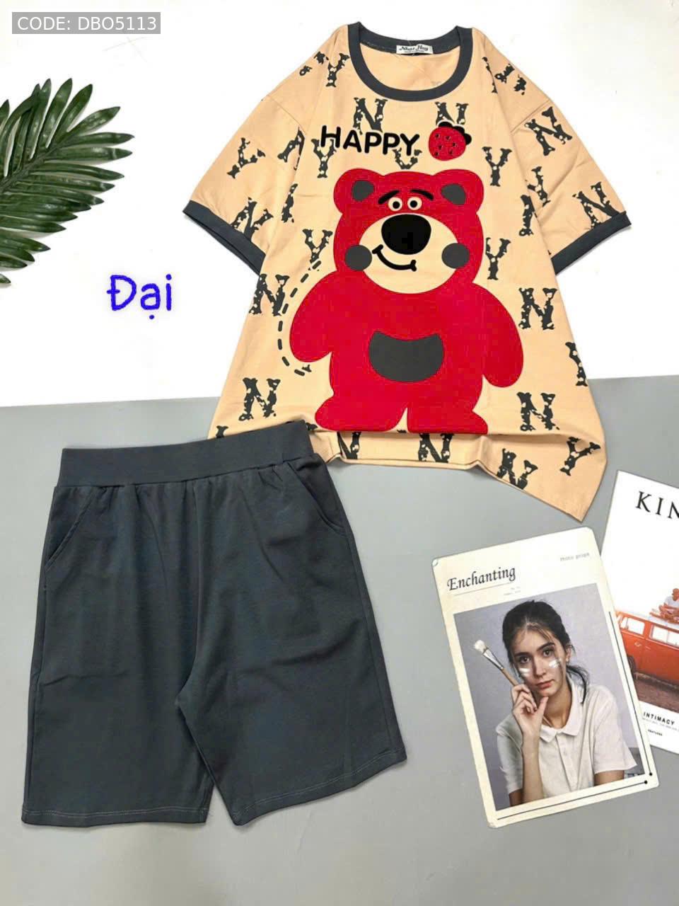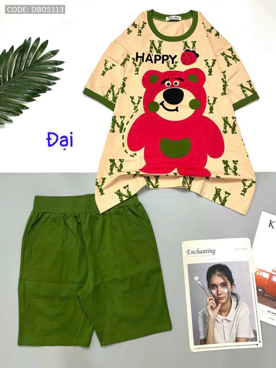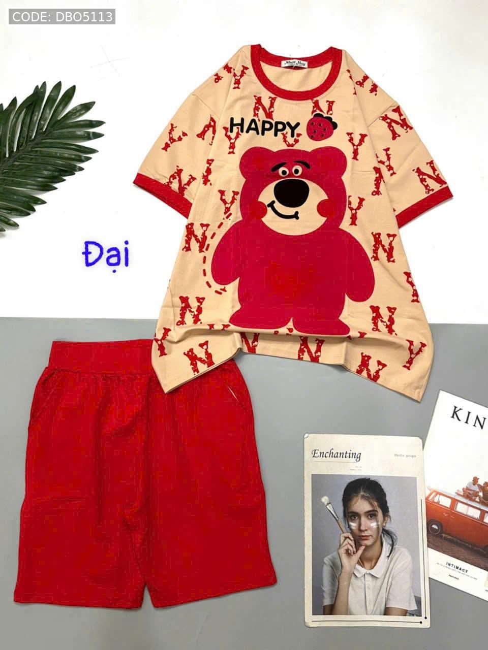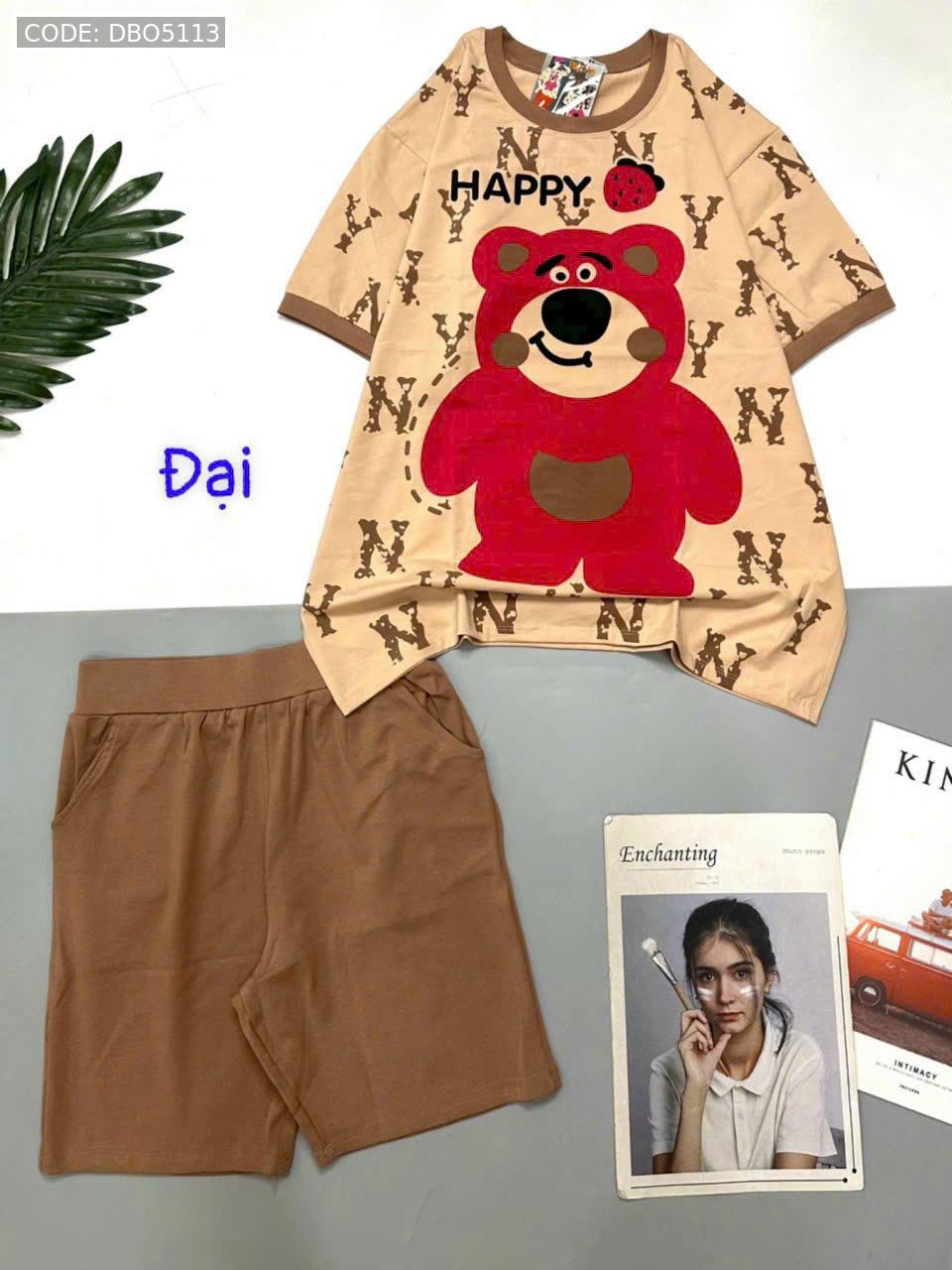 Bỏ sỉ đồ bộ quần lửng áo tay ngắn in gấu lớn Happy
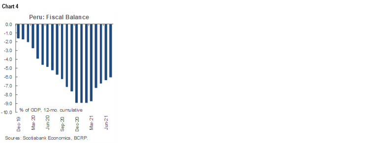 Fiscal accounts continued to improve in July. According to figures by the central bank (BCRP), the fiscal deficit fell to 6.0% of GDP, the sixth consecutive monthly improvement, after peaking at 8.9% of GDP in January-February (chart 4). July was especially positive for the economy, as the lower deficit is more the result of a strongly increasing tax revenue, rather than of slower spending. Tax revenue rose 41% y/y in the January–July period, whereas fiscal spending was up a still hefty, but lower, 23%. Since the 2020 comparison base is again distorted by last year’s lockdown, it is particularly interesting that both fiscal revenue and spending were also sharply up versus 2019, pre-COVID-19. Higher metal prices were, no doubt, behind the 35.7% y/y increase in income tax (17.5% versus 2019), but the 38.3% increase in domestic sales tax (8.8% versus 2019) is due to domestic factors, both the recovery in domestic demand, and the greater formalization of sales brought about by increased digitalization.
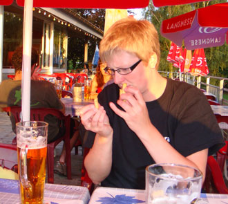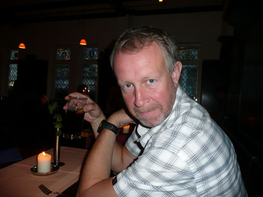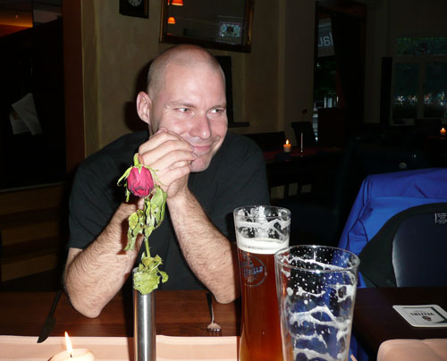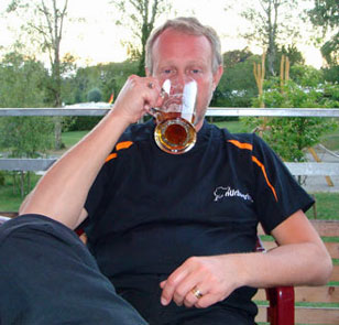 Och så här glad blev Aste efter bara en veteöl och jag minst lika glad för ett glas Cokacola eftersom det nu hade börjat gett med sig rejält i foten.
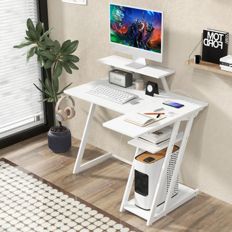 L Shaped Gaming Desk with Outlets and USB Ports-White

:::::

Please copy the lines above exactly as written, apart from any pictures.

- Result of this task -
 Bỏ sỉ đồ bộ quần lửng áo tay ngắn in gấu lớn Happy
 Fiscal accounts continued to improve in July. According to figures by the central bank (BCRP), the fiscal deficit fell to 6.0% of GDP, the sixth consecutive monthly improvement, after peaking at 8.9% of GDP in January-February (chart 4). July was especially positive for the economy, as the lower deficit is more the result of a strongly increasing tax revenue, rather than of slower spending. Tax revenue rose 41% y/y in the January–July period, whereas fiscal spending was up a still hefty, but lower, 23%. Since the 2020 comparison base is again distorted by last year’s lockdown, it is particularly interesting that both fiscal revenue and spending were also sharply up versus 2019, pre-COVID-19. Higher metal prices were, no doubt, behind the 35.7% y/y increase in income tax (17.5% versus 2019), but the 38.3% increase in domestic sales tax (8.8% versus 2019) is due to domestic factors, both the recovery in domestic demand, and the greater formalization of sales brought about by increased digitalization.
 Och så här glad blev Aste efter bara en veteöl och jag minst lika glad för ett glas Cokacola eftersom det nu hade börjat gett med sig rejält i foten.
 L Shaped Gaming Desk with Outlets and USB Ports-White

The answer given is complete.